[Work item] Output the lines from the top of the entries below to the line with "Parts for Frigidaire", both included, exactly and without pictures.

[Material to process]
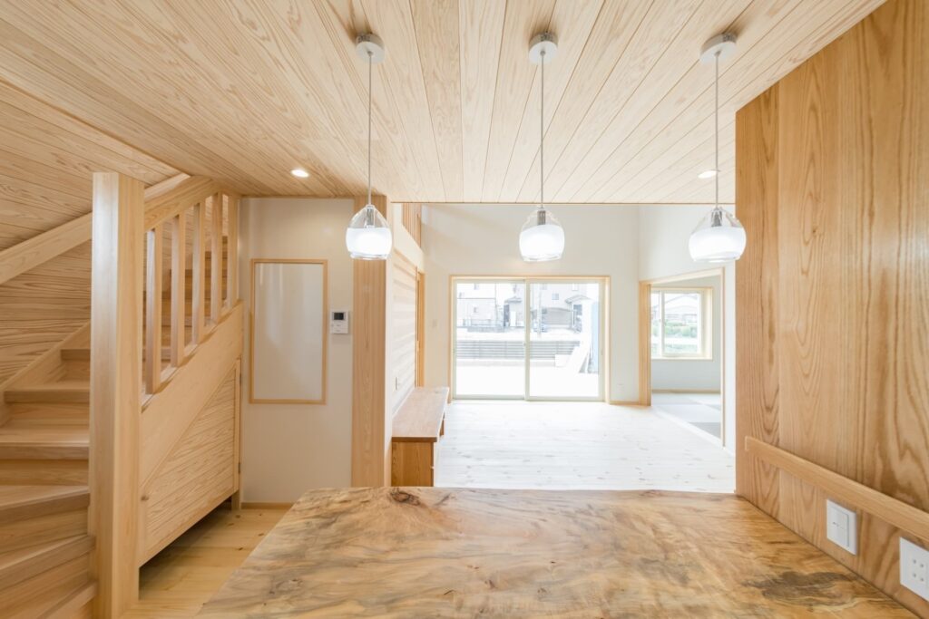ダイニングテーブルにはトチノキを使用。
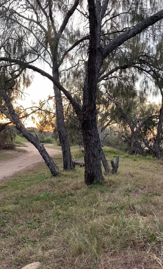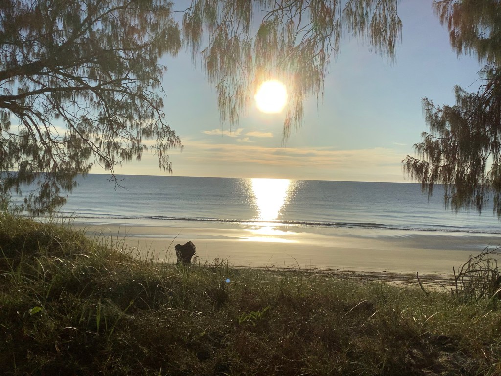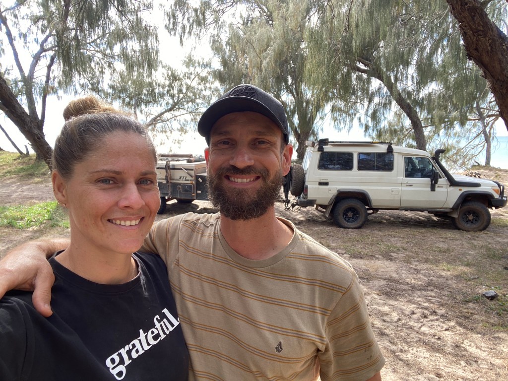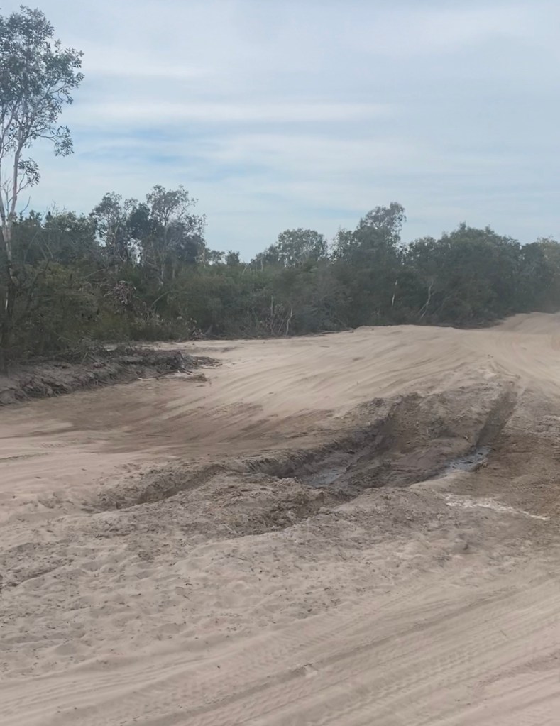 As we entered Burrum Coast National Park and the road become sand, we stopped to let the tyres down. We’ve read some reviews that say the tracks in are pretty soft. With the pressures pretty low we got to it. They were fun tracks, lots of small rolling hills, some big dips and significant washout from past rain, and lots of very soft sand. We’re a heavy rig so soft sand is a challenge, but we made it through some pretty tough spots and knew we were only a couple of hundred meters from the campsites when he hit the softest of sands and the tyres dug in. Three months on the road, never bogged, a thousand kilometres from home in familiar territory as it’s similar to how Mulgumpin (Moreton Island) can be at times. Leon and I were onto pretty quick, shovel out and maxtrax ready (we’ve never needed them). The sand was so soft that the shovel almost didn’t work. The sand would just fall back in. After one attempt and not making much progress, a man and his three teenage sons pulled up behind us. They were genuinely helpful and not your typical gung-ho cowboys which was much appreciated. They didn’t actually do much except some shovelling, but we were happy to have them around rather than wishing they’d just rack off. In the end we lowered the tyres all the way to 12psi and still needed the maxtrax, but once we were out we were good, and we thanked and farewelled the boys who were happy to have some excitement.
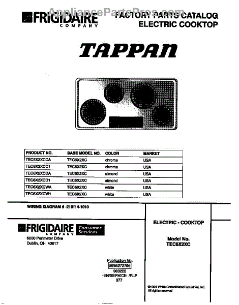 Parts for Frigidaire TEC6X2XCW1: 01 - Cover Parts
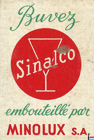 Buvez Sinalco embouteillé par MINOLUX S. A. - Étiquette d'une boîte d'allumettes - 50 x 35 mm (Collection Philippe Aschman)
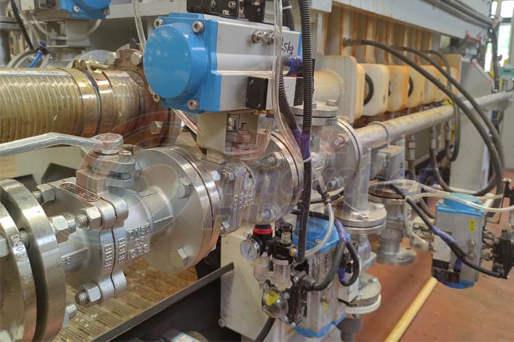 4、濾板開啟: 在擠壓過程結束后,釋放壓緊油缸的壓力拉開濾板。
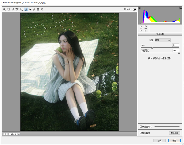 4、在图片上选择污点区域,软件会自动帮助您去除。
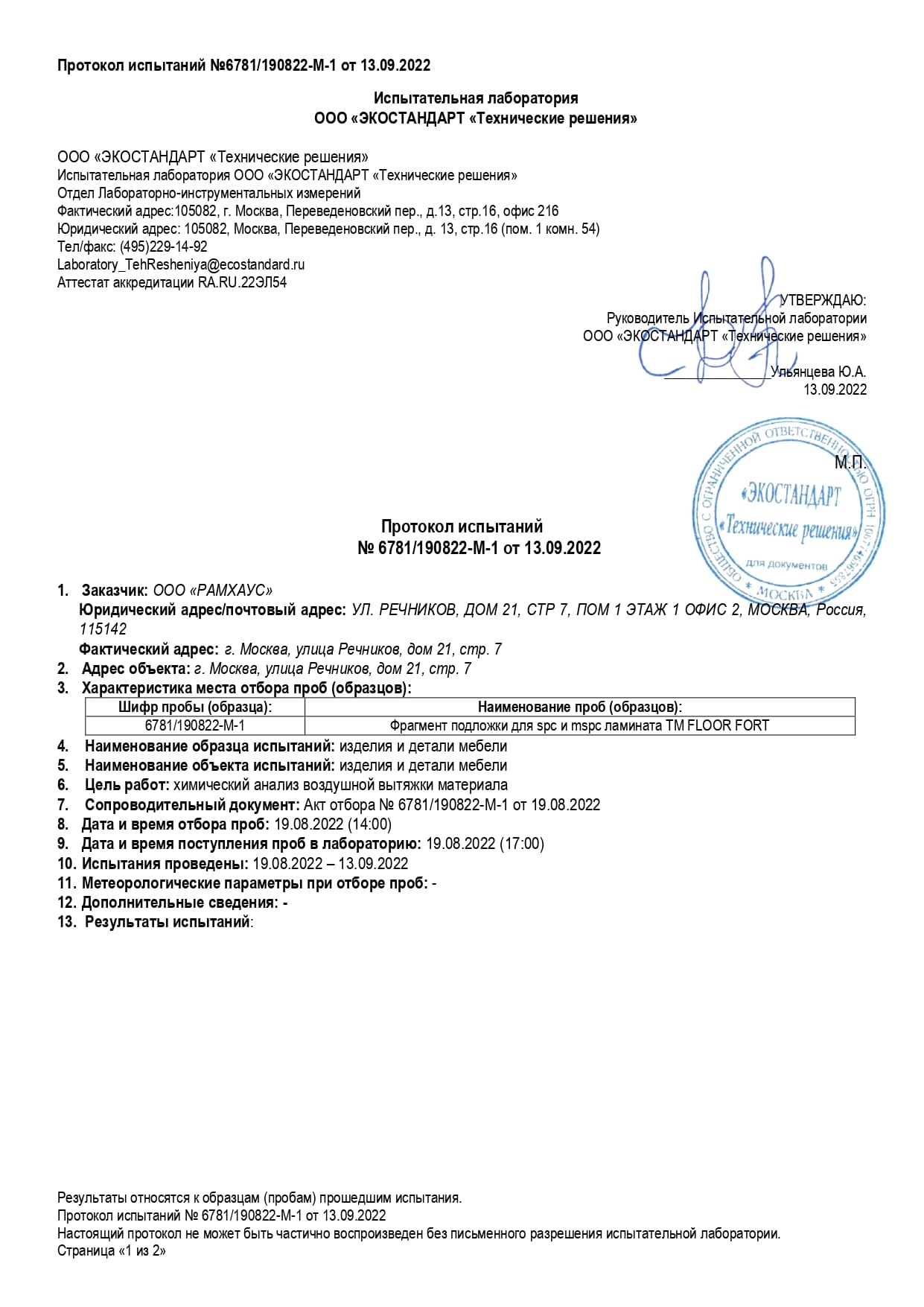 Делая ремонт, важно обращать внимание на безопасность любых используемых материалов. Подложка для spc и mspc покрытий Floor Fort® (Флор Форт) соответствует единым санитарно-эпидемиологическим нормам и гигиеническим требованиям СанПиН. С результатами протокола испытаний вы можете познакомиться ниже.
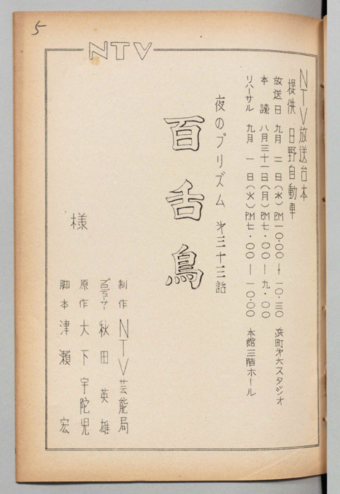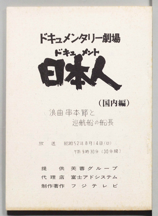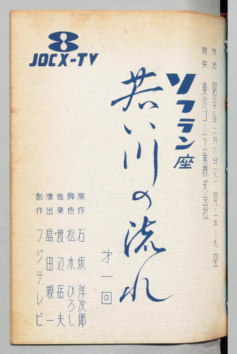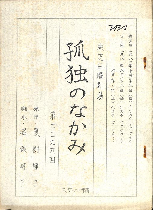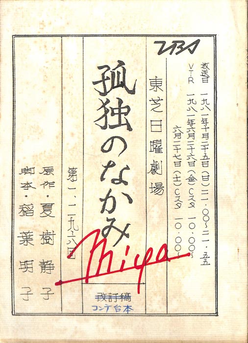 主な出演 : 研ナオコ,酒井和歌子,江波杏子,三国連太郎,松崎しげる,岸部シロー,赤塚真人,高岡健二,谷川みゆき,青地公美,津島要,南風洋子,南原宏治,高田敏江,小瀬格,梅野泰靖,清水まゆみ,城倉(ページが破れているため名は不明),及川(氏- 作家 : 田渕久美子
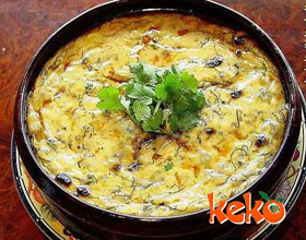 6.把洋葱、牛肉放在锅中,将碗芡倾入,加上包尾油5克炒匀上碟便成。
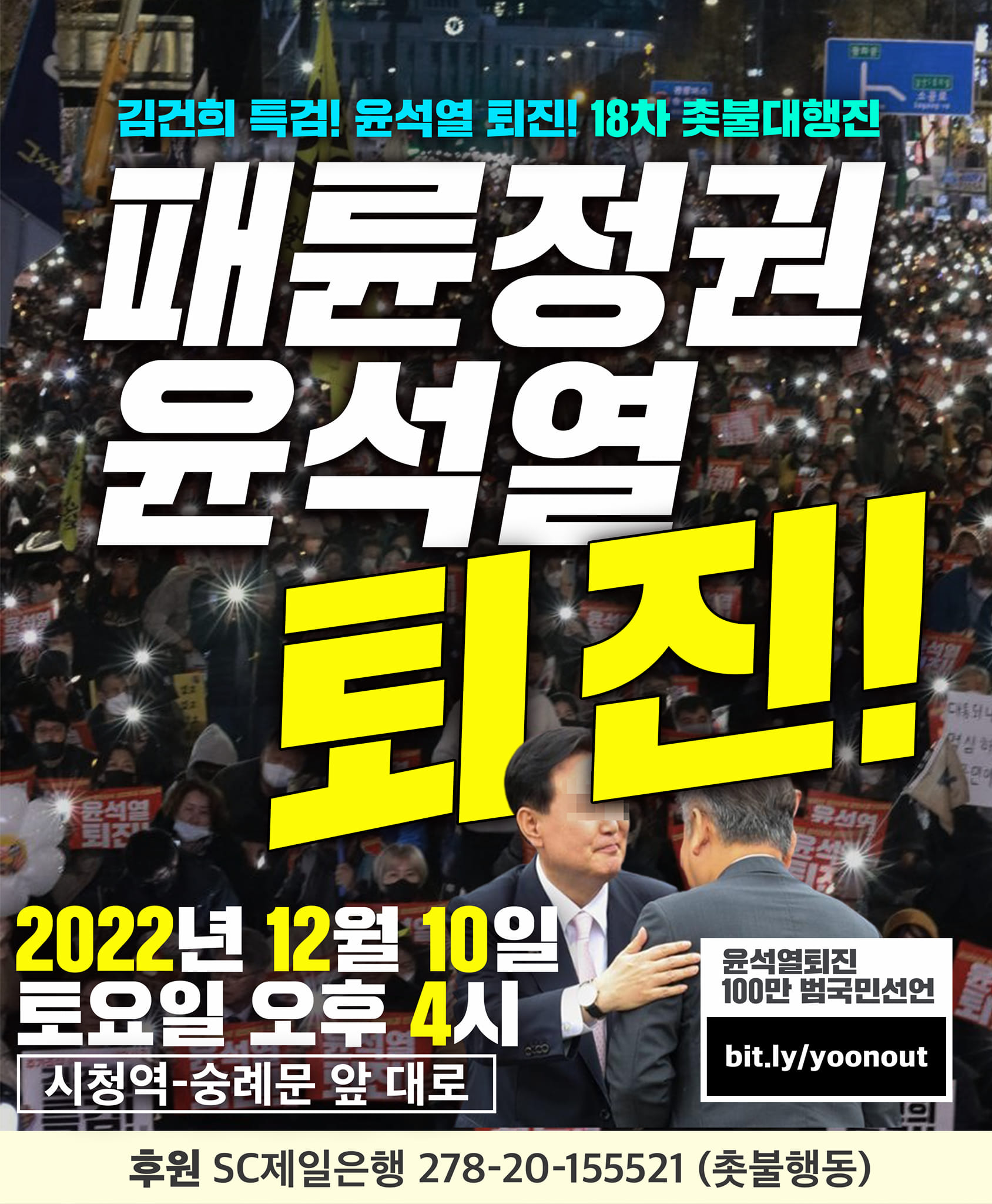 | 12월10일(토) 4시 시청역-숭례문 앞 대로 김건희 특검 윤석열 퇴진 18차 촛불대행진 집회 일정 (0) | 2022.12.09 |

[Response box]
ダイニングテーブルにはトチノキを使用。
 As we entered Burrum Coast National Park and the road become sand, we stopped to let the tyres down. We’ve read some reviews that say the tracks in are pretty soft. With the pressures pretty low we got to it. They were fun tracks, lots of small rolling hills, some big dips and significant washout from past rain, and lots of very soft sand. We’re a heavy rig so soft sand is a challenge, but we made it through some pretty tough spots and knew we were only a couple of hundred meters from the campsites when he hit the softest of sands and the tyres dug in. Three months on the road, never bogged, a thousand kilometres from home in familiar territory as it’s similar to how Mulgumpin (Moreton Island) can be at times. Leon and I were onto pretty quick, shovel out and maxtrax ready (we’ve never needed them). The sand was so soft that the shovel almost didn’t work. The sand would just fall back in. After one attempt and not making much progress, a man and his three teenage sons pulled up behind us. They were genuinely helpful and not your typical gung-ho cowboys which was much appreciated. They didn’t actually do much except some shovelling, but we were happy to have them around rather than wishing they’d just rack off. In the end we lowered the tyres all the way to 12psi and still needed the maxtrax, but once we were out we were good, and we thanked and farewelled the boys who were happy to have some excitement.
 Parts for Frigidaire TEC6X2XCW1: 01 - Cover Parts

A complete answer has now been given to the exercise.